Tech export boom will not cure China’s sick economy

State-of-the-art industries such as AI, robotics and EVs are unlikely to solve growth problems 

China’s high-tech revolution will fail to solve the problems lingering from a crippling property slump. Exporting its way out of economic stagnation will only trigger brutal trade wars, a major report by the Rhodium Group revealed this week.

In a shocking set of numbers based on official Chinese data and industry-specific sources, the study makes bleak reading. State-of-the-art industries, such as AI, robotics and electric vehicles, added just 0.8 percentage points to economic growth in the past three years.

During the same period, the real estate and legacy industrial sectors plunged by a combined six percentage points. The New York-based think tank also sounded the alarm on Beijing’s new five-year development plan, which will be rolled out in March.

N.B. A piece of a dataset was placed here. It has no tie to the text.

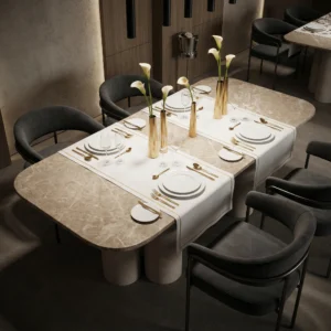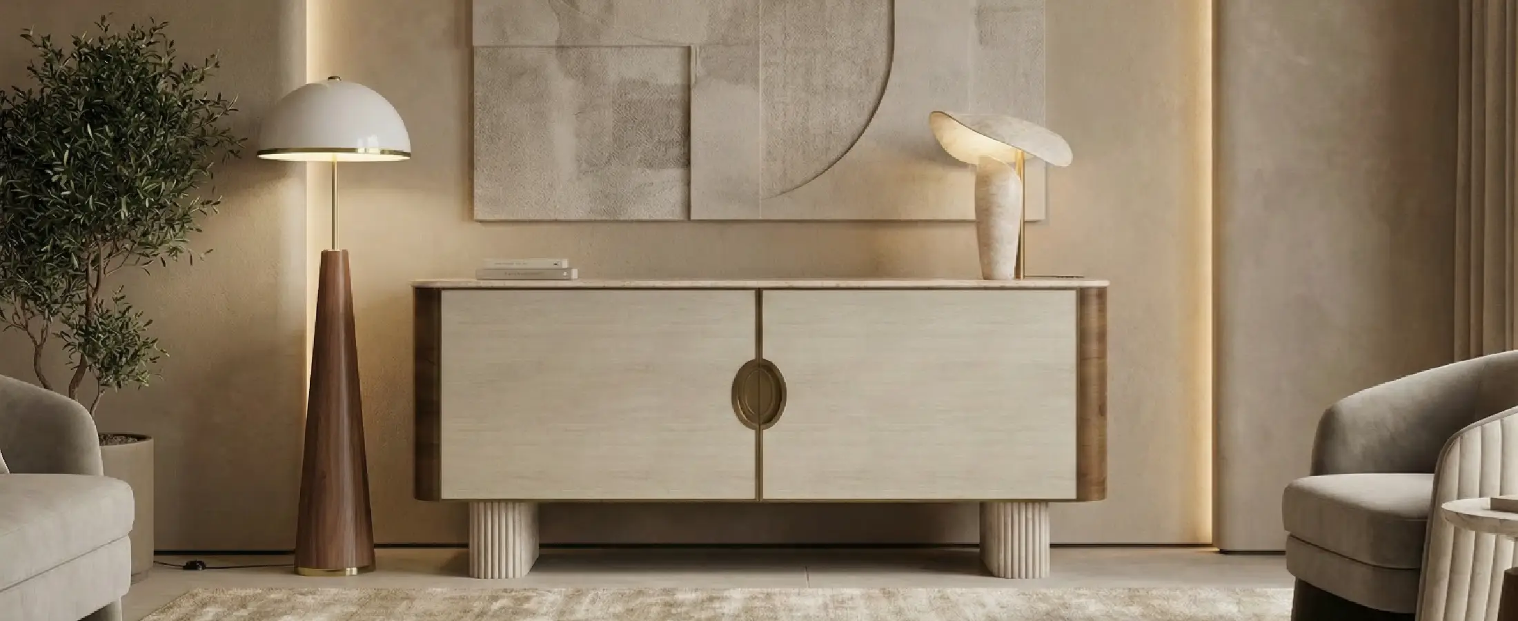 Its profile suits a handcrafted buffet with travertine legs and stone top, offering tactile depth and composure.

“China’s growth strategy isn’t going to work. They’re not going to achieve their targeted rates of GDP growth based on the policies they have outlined so far,” Logan Wright, a partner at Rhodium and a co-author of the report, told CNBC.

Figure it out:

  • The study, entitled China’s “New” Strategic Industries Will Not Produce 5% GDP Growth, warned of the dangers ahead to its self-reliance policy.
  • The world’s second-largest economy “will remain even more reliant upon exports in the future,” leaving it “vulnerable to new trade restrictions.”

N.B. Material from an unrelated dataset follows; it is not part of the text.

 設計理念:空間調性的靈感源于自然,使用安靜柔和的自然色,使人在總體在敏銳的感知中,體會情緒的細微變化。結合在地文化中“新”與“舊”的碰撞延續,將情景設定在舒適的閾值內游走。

Overall, China’s economy is in a transitional phase

China Business Spotlight

Delve deeper: “China’s past economic performance has clearly been overstated, particularly since the decline of the property sector in 2022,” the Rhodium report stated, a veiled reference to what China Factor has been reporting for the past three years.

Between the lines: By using “self-deception,” Xi’s regime has been able to hide the stench of stagnation amid rampant deflation and anemic domestic demand. Evaporating household wealth and rising unemployment have only added to an economic “doom loop.”

Big picture: “Overall, China’s economy is in a transitional phase. This shift is boosting exports and parts of industry, but it is no substitute for a sustainable domestic market,” China Business Spotlight reported earlier this week.

Bottom line: “[But] as long as consumption and household confidence [struggle], the recovery will remain vulnerable. Structural reform is progressing, but without a broader demand base, it lacks the foundation for lasting stability,” it stated.

China Factor comment: In the end, President Xi Jinping and the ruling Communist Party are only interested in pushing the line of an economic and high-tech superpower. Even if that means dumping critical economic data points, which do not back up that narrative.